• [The problem] The whole listing below should be printed again exactly, with no images.

• [Data excerpt]
◇ ◇ ◇ ◇
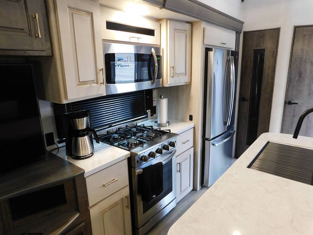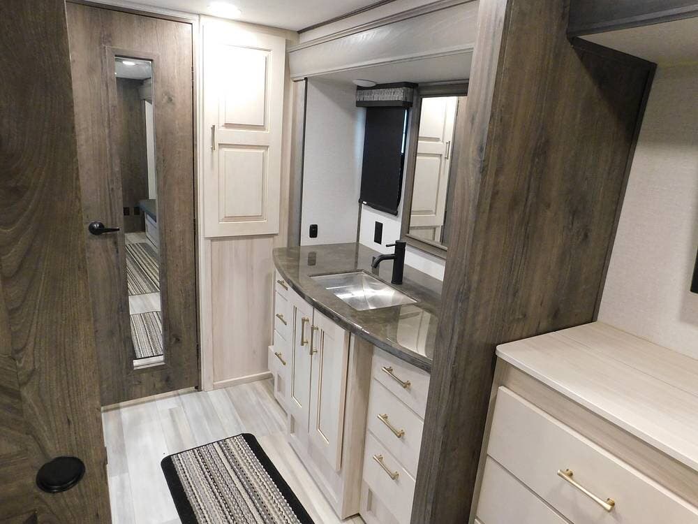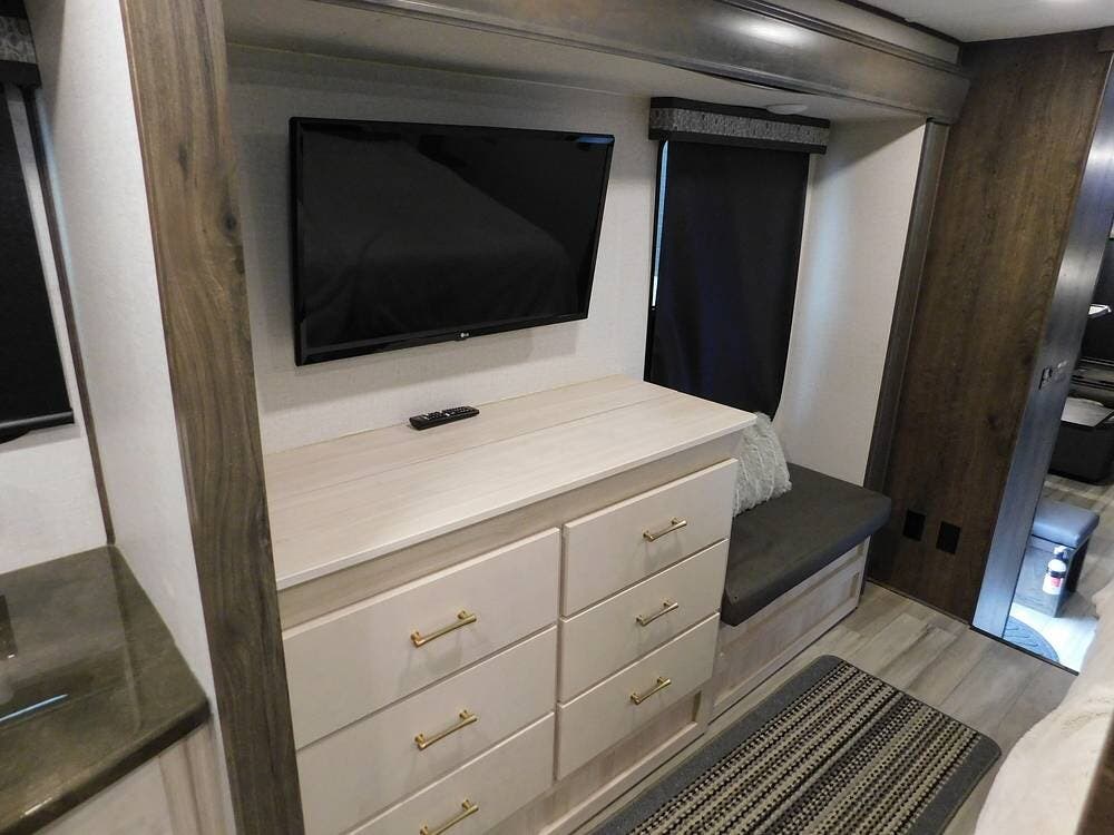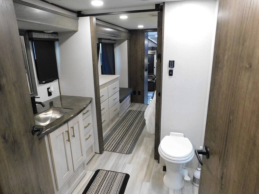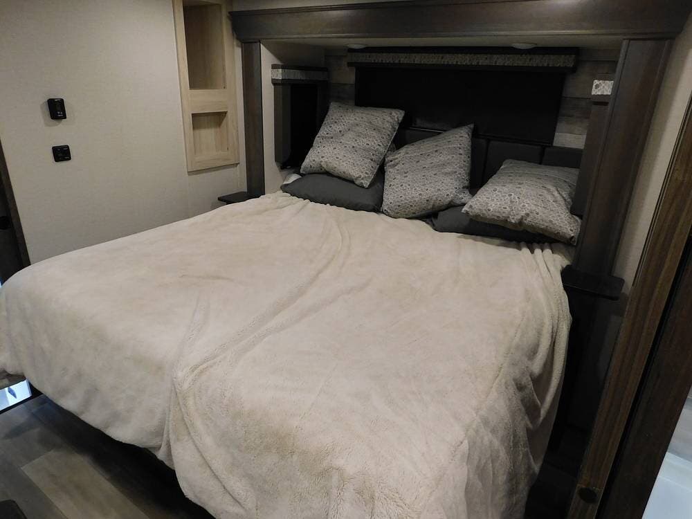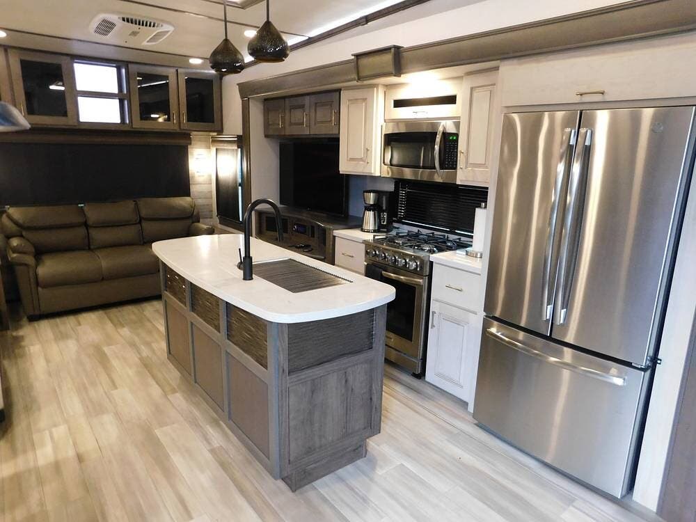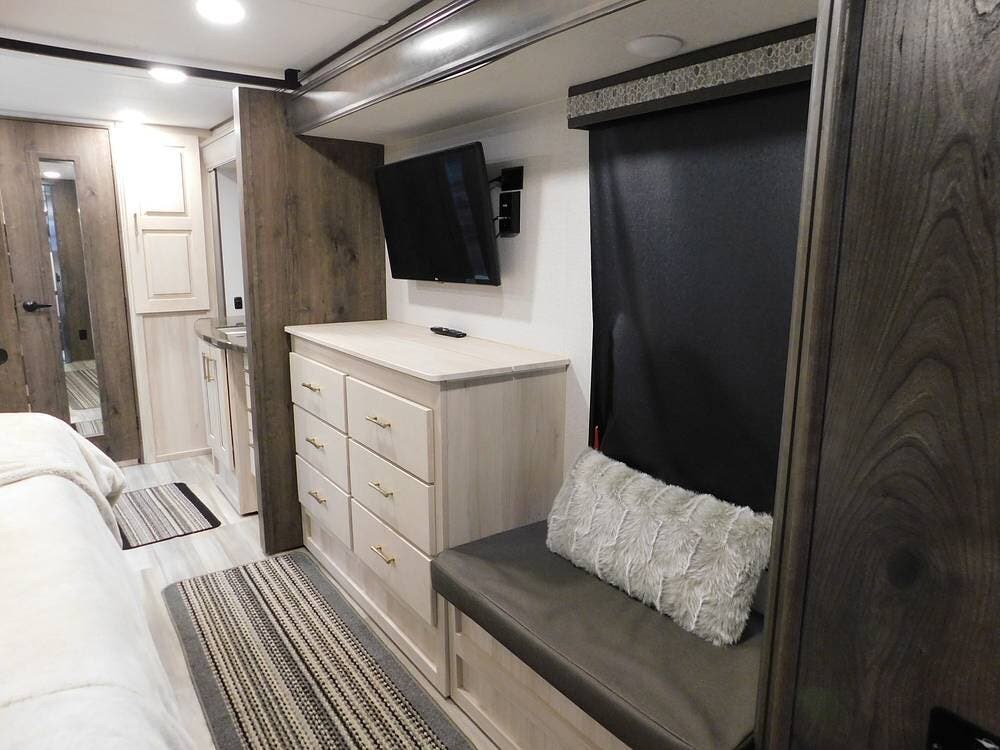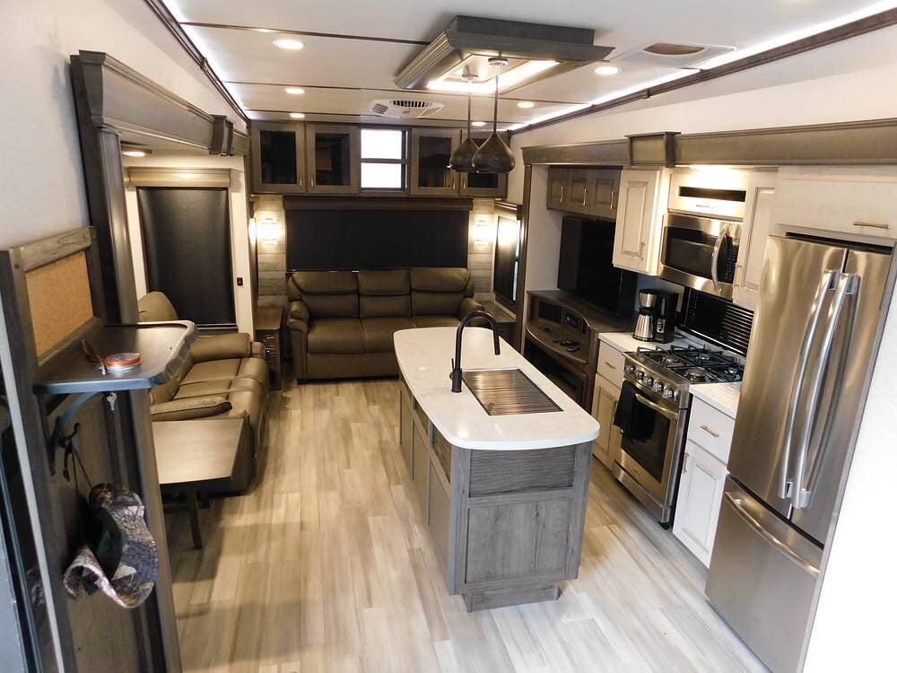 With a tremendous amount of floor space and a comfortable layout, if you are considering full-time living, this fifth wheel would be a great option.
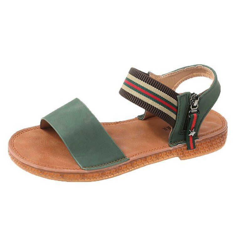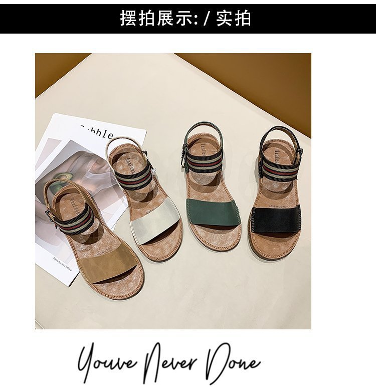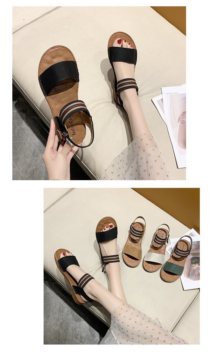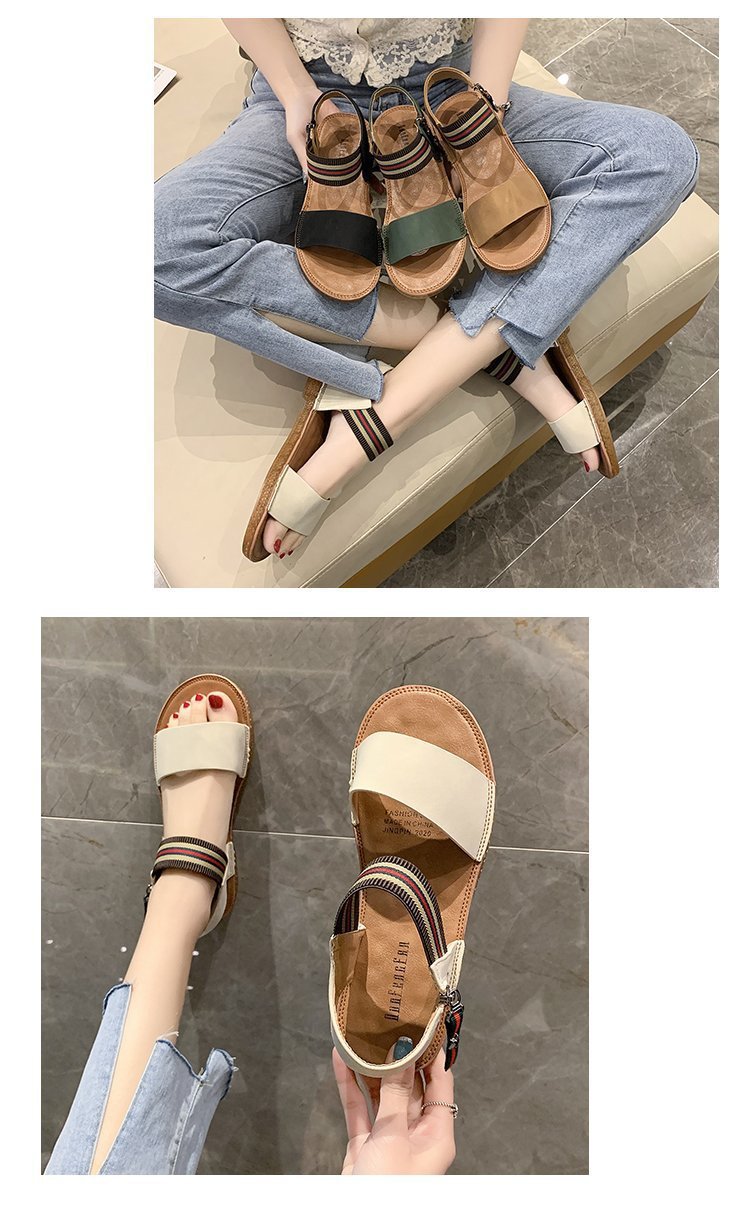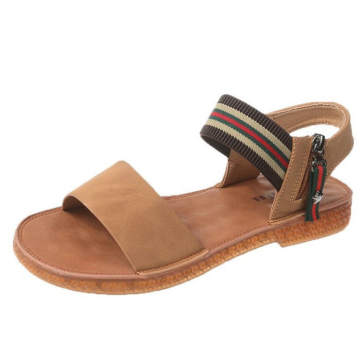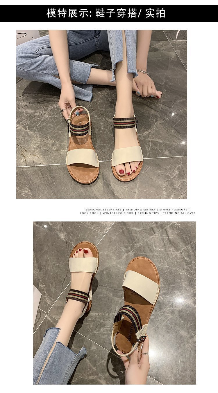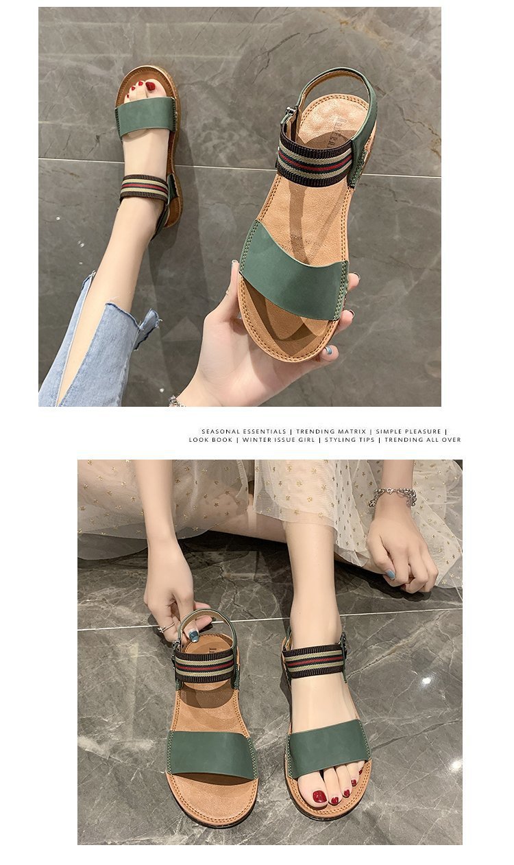 임신 한 여성과 학생을위한 봄 2025 새로운 스타일의 소녀 스타일 샌들 쇠고기 텐더 소프트 단독 미끄럼 플랫 단독 신발스토어 가기
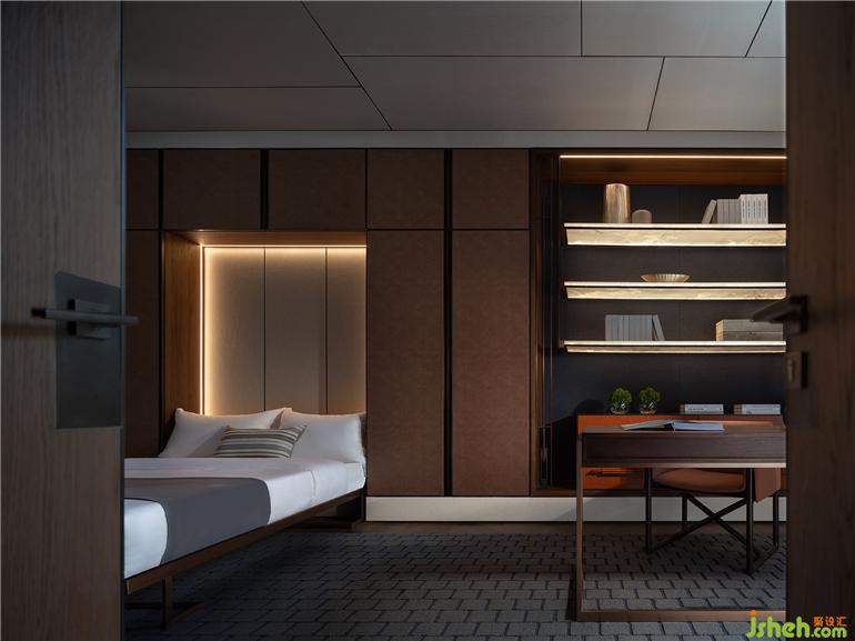 晚輩房套間以色調(diào)為觸點氤氳開靜謐安適氣息,又引入紋路、肌理的細(xì)膩呼應(yīng),常州天安別墅設(shè)計傳遞出克制的高級。懸浮柜體輔以內(nèi)嵌格架,并配與燈光烘托,豐富場景層級。
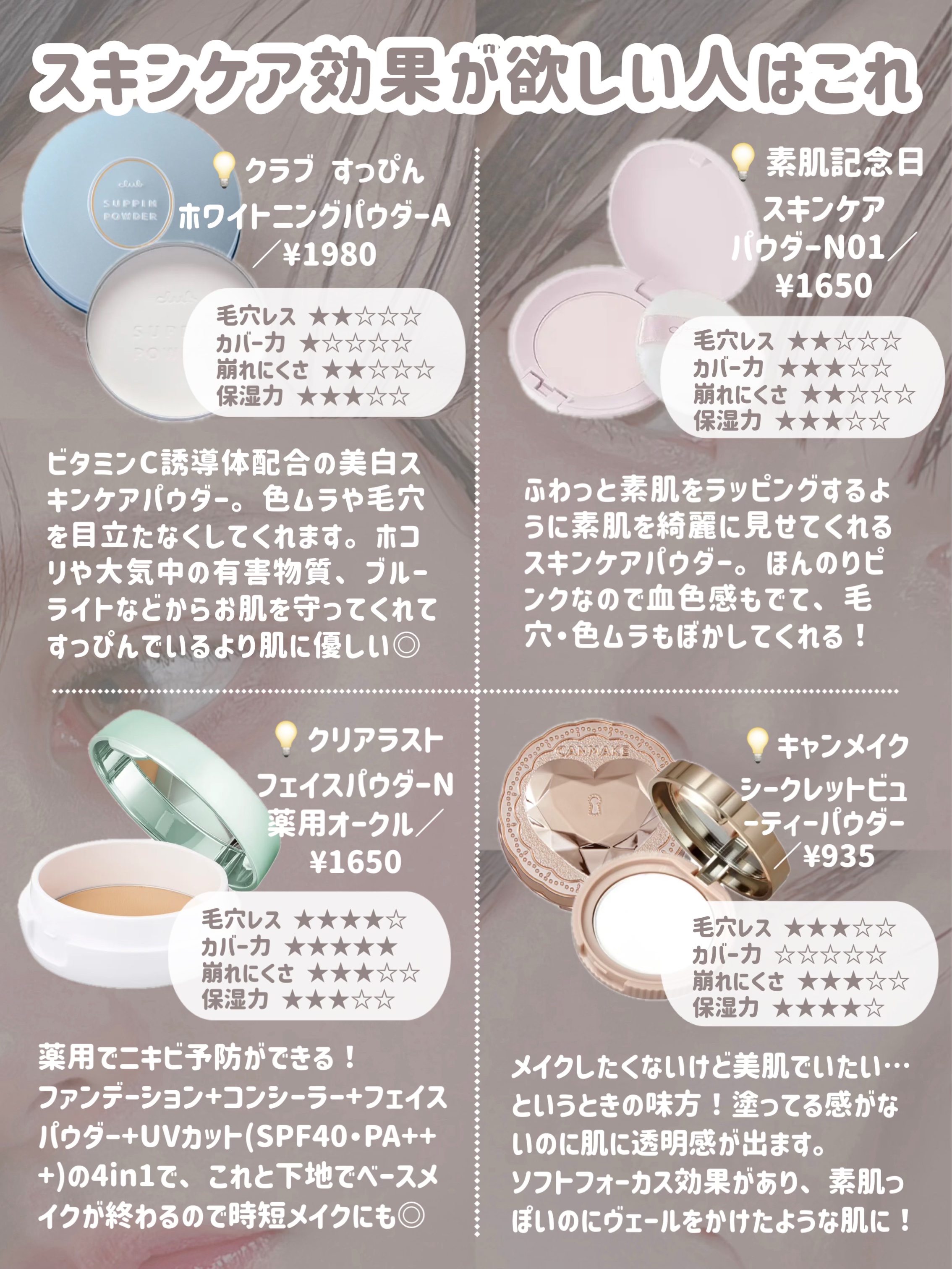 | フェイスパウダーランキング第105位 | メイクしながらニキビ予防できる オススメベースメイク❤︎ | 詳細を見る | |
◇ ◇ ◇ ◇
• [Your response]
 With a tremendous amount of floor space and a comfortable layout, if you are considering full-time living, this fifth wheel would be a great option.
 임신 한 여성과 학생을위한 봄 2025 새로운 스타일의 소녀 스타일 샌들 쇠고기 텐더 소프트 단독 미끄럼 플랫 단독 신발스토어 가기
 晚輩房套間以色調(diào)為觸點氤氳開靜謐安適氣息,又引入紋路、肌理的細(xì)膩呼應(yīng),常州天安別墅設(shè)計傳遞出克制的高級。懸浮柜體輔以內(nèi)嵌格架,并配與燈光烘托,豐富場景層級。
 | フェイスパウダーランキング第105位 | メイクしながらニキビ予防できる オススメベースメイク❤︎ | 詳細を見る | |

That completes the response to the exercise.